2021년 09월 2일 작성이: Fritzy 22
Aw this is possibly the saddest images I’ve seen. I hate so much that you felt like this, that anyone would… you’ve come so far ❤️ 
2021년 09월 2일 작성이: TorStar80
The pain some nice folks have to go through is heartbreaking. ❤️SMH. Wishing you all the self-love you deserve to revel in and enjoy ten years later. Cheers! 
2021년 09월 2일 작성이: jollyfox
So glad you are feeling better - an feeling better about yourself! The very best kind of progress. All the best in your continuing journey 💕 
2021년 09월 2일 작성이: grammalaura
Thank you for sharing. I’m happy you’re still here too 
2021년 09월 3일 작성이: cindylynnwho
Great news: you are here. you matter. you have a community of support here should you need. 🤗 
2021년 09월 3일 작성이: IJT's Mom
Sending you love and hugs.  
2021년 09월 3일 작성이: liz-andra
Oh how I know that feeling! I am happy you are here too! and so brave it took a lot of courage to post those pics! BRAVO! 
2021년 09월 3일 작성이: karenbell399
That you're here shows you are strong & willing to fight for you health. Keep going :-) 
2021년 09월 3일 작성이: mrsclassicscrazy
Thank-you all for your support. It was only when I first saw the images on an old hard-drive, that I had any memory at all, of taking them. They brought tears to my eyes too. I almost deleted them 30 seconds after posting, as I thought they are just too pitiful for FS public view.
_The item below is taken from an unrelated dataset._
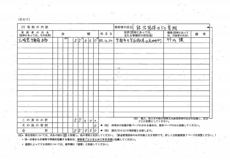 公明党京都府本部 55,000 R3.12.22 ―略― 竹内 譲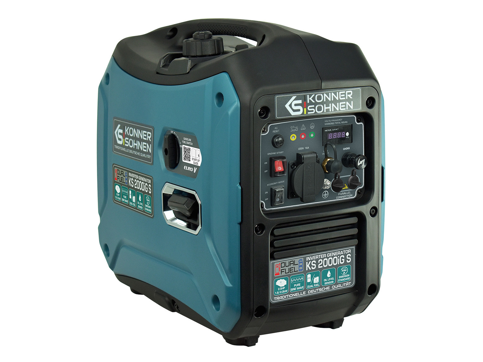 Groupe électrogène KS-2000iG-S – Essence et Gaz – 2 kW – INVERTER – Monophasé 230V – Démarrage manuel – Könner & Söhnen

But then I realized I no longer feel that way...it is history...and I am very much looking forward to my next 20(30) years. ***If anyone feels the way I appear in those photos, please ask for help, don't suffer needlessly alone.*** Some day, I might post what happened in 2007 that triggered the depression, and the reason why am fairly certain that I will not have a re-occurrence. Also I am really looking forward to posting my 'after' photos in Dec 2022 at my goal weight with a big smile on my face.😃 
2021년 09월 4일 작성이: deelbee
Thank you for sharing Deelbee - you have helped at least one person (that'd be me) with your post already and I suspect many more besides!  
2021년 09월 5일 작성이: Fozzy61
The important thing is you never gave up (me too). Thank you for sharing as we all draw on each other’s successes and you’re doing g a great job. Keep on track and stay in the moment. You have reminded me of my struggle with weight and given me strength. Funny thing is I seldom look in the comments area of this app but today I did. 🙏🏼 🤗 💞 
2021년 09월 5일 작성이: lessofgrace
Moving forward IS THE HARDEST THING! look forward: that’s where you want to go, and by getting up and trying again, you already are half way there 😃👏👏👏 Keep going 👍 
2021년 09월 5일 작성이: Geffer
Thank you for sharing your journey. You are incredibly brave and I admire your courage and honesty. My young daughter is struggling significantly with self esteem and body image issues and helping her see this is not an age related issue will help.  
2021년 09월 6일 작성이: NoDadBod
you can do it , im starting fresh today for the 900th time in the last 4 yrs its very hard especially when u injoy food. and foods all around, but you can crush this and next pic please take that bqg off your head because your human and you mattter 
2021년 09월 6일 작성이: dAniimoghim
happy for you! hanging in there and you will be fine.